I think it's time to move on.
I used to blog every. single. day.
I have made so many wonderful friends through this crazy thing....friends I know I will have for a lifetime. Friends I've looked my whole life for, and refuse to go on without them ever again.
But I'm different.
Im not the same person I was 4-5 years ago....but then again, who is,right?
I just feel that my life is going in a different direction. I no longer have young kids at home...my home life is so different. Im almost an "empty nester". EGADS!!!
I come back to my blog every once in a while, and think, "wow, I haven't written anything since May 27????"
when did this happen? WHY did this happen?
that evil devil Facebook. I don't love Facebook more, it's just so much easier to just write a few things instead of a whole blog post. But Im seriously thinking of a facebook sabbatical too.
as I sit here, in the same t-shirt I've worn for the past 3 days and hairy legs cuz I just don't feel like shaving them, I think I need to either give up blogging altogether, or start another blog that reflects my life now.
Is that bad? I feel like I have to censor myself so many times, and that is stifling. I want to really REALLY say what's on my mind, but I don't feel like I can anymore.

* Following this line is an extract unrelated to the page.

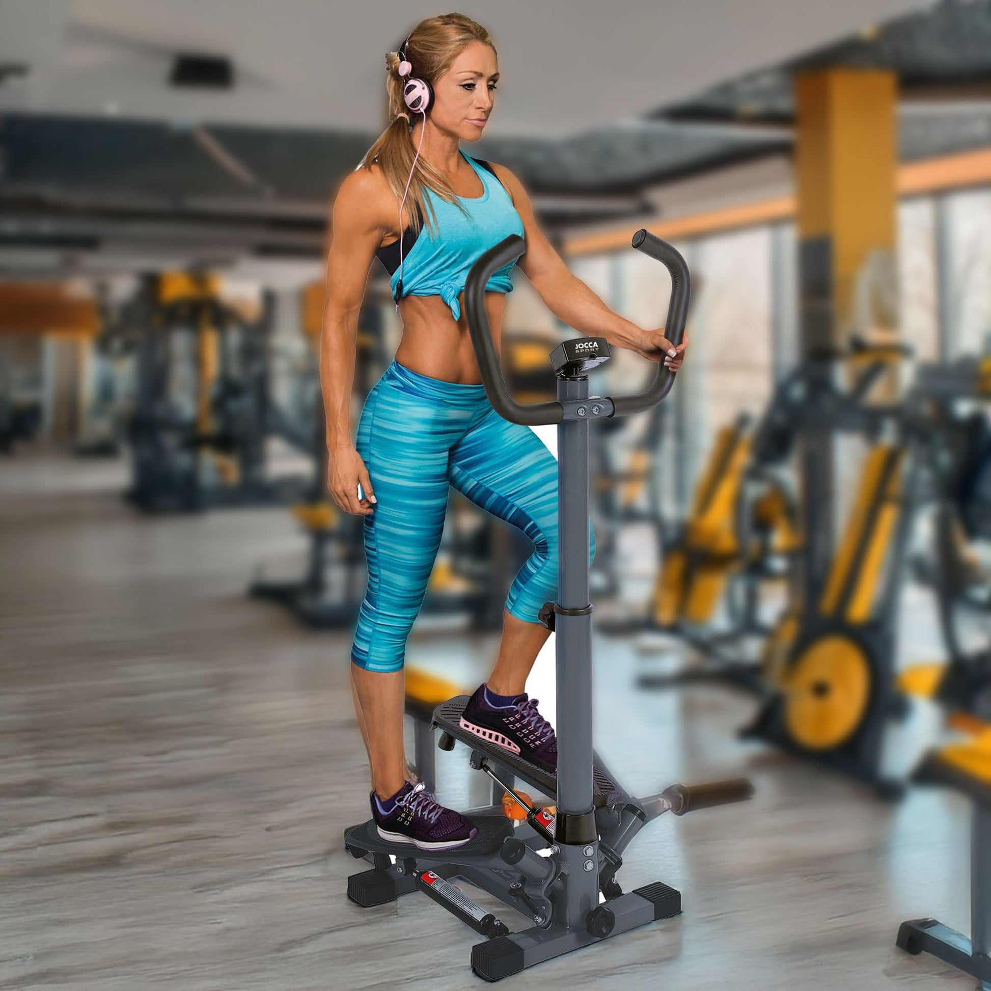 JOCCA Side Stepper with Support Bars, Home Trainer for Glutes Abdomen Legs, Digital Function Counter, Max Load 100 kg, Silver/Black
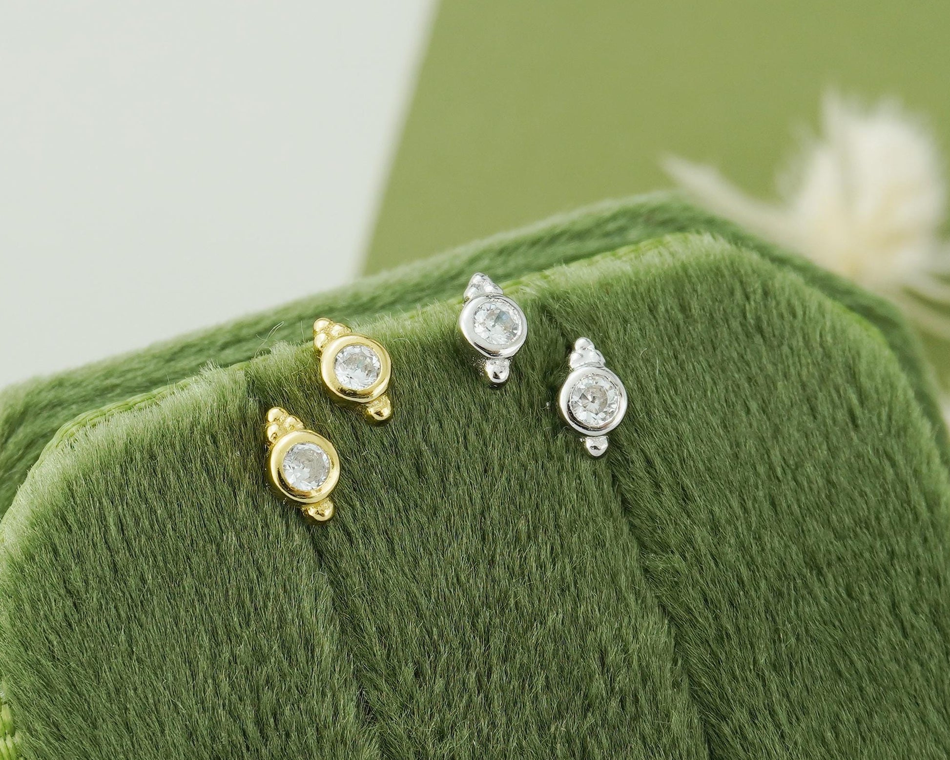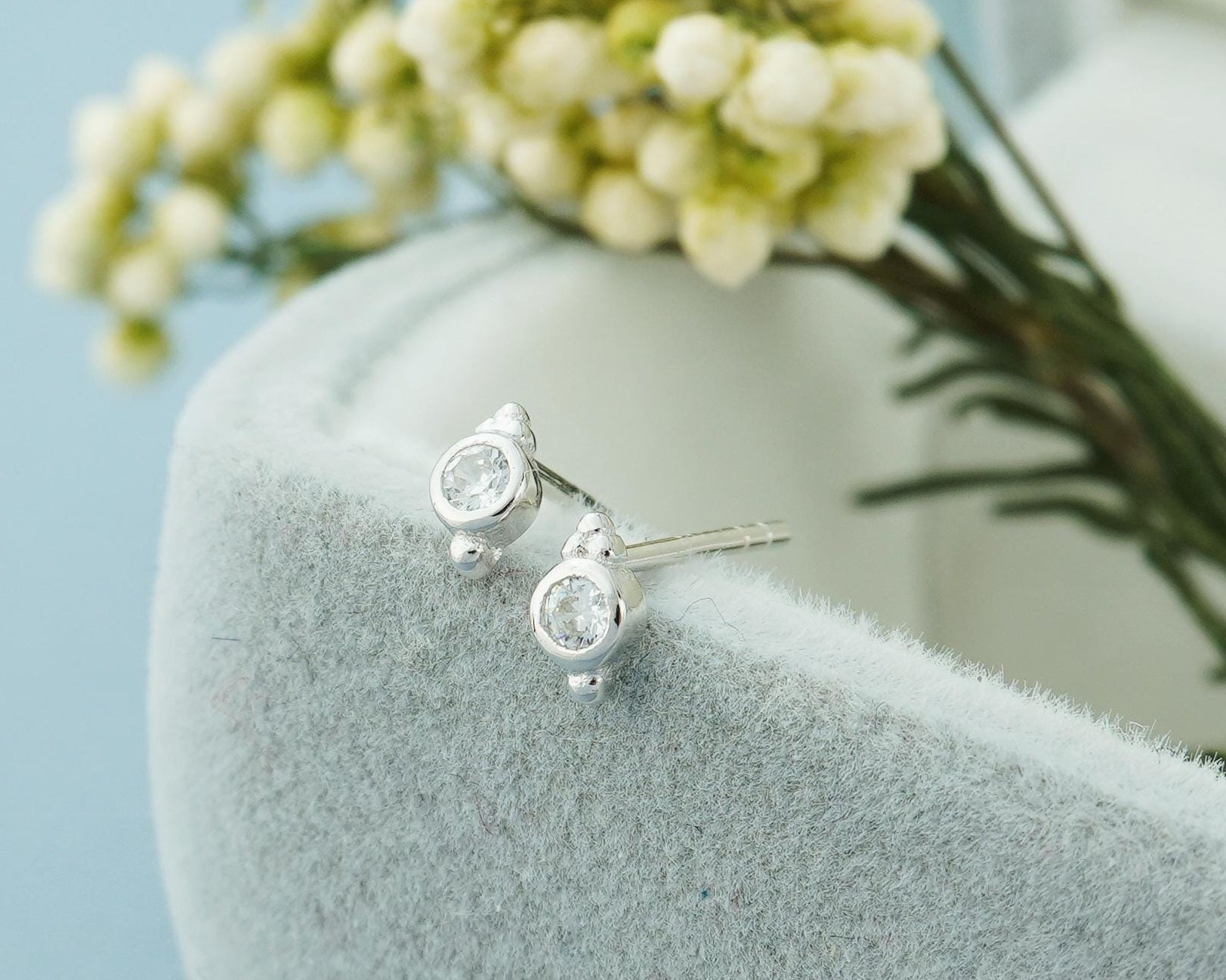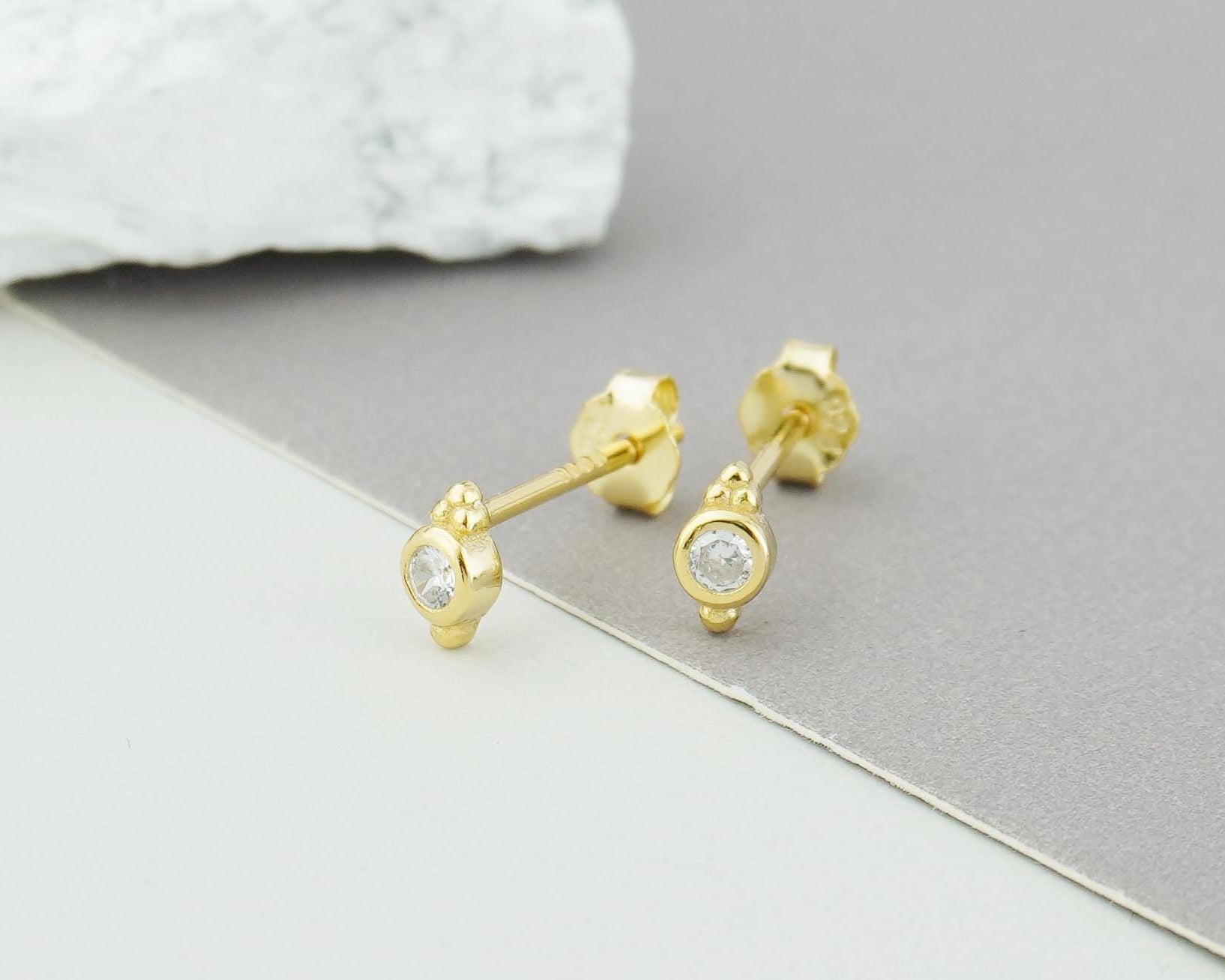 Pair of VERY TINY Sterling Silver CZ Bezel Stud Earrings in Rhodium or 18ct Gold Plated

Im not going to delete it entirely, cuz this blog is still and will always be, My Baby. My life started to change for the better when I started blogging, but I've given it alot of thought and I think Im going to start a new blog, where my voice NOW can be heard.
But I'll still be back to check in on ya'll. Cuz I love every one of you.
10 comments:
I blog hap-hazard ... mostly not!
I try to get back to it because it really did serve as a great therapist and I "met" so many wonderful people.
I concur, FB is the devils spawn. I wish I would just delete that thing!
If you start another please link me to it, I don't want to lose track of one of the "wonderful people" that I met while blogging.
<3
Murph wants a blog. Murph needs a blog. How will he connect to all the ladies out there???
I feel you Beth... I like that I can remotely post things on Facebook to show people that I am alive... and when it comes to blogging, I started that because it is easier to type than it is to write for me. Also, it was 'secret' as when I started it, Mookie Dee did not know about it and my thoughts were more secure where everyone could see it, if that makes sense.
I will miss you. If you do decide to keep on with a journal, please hook a brother up with an alert! But if the new season of your life does not include journaling (or me!), I can dig it, I can dig it!!
Love & Rockets!
Mark
Yeah, I hear ya.
That's kinda what happened to me a couple of years ago when I closed up "The Coffee House" I was all, *Ehn* this isn't me anymore. So I took a looong break and then started up a different blog mostly about books. And that suits me fine for right now.
So, all the best with wherever your muse takes you. You were one of my first Blog Friends! I'll miss ya :'(
Take Care,
Hugs
Trish
OH! I was happy to see your post and now I'm a little sad, though I do totally get what you're saying.
If you want to, I'd love to get a link to the new one, m'kay?
Hugs.
Rocky.
Ah, yeah, you better be checking in, because you know I am not on the devilbook! And I wouls read your new blog as well tootes!
XOXOXOXOXOXO
I find that I don't have much to say. I'm not the same me I was years ago, when I started blogging. I hesitate to delete it as it was such a part of me.
You must let me know if, where and when you start another blog.
I hear ya.
Kind of nice to have an anonymous one, then you can say what ever the hell you d*mn well please.
I hear you completely.
Nomad
But since I am not one of the people you have to worry about...can I come with you?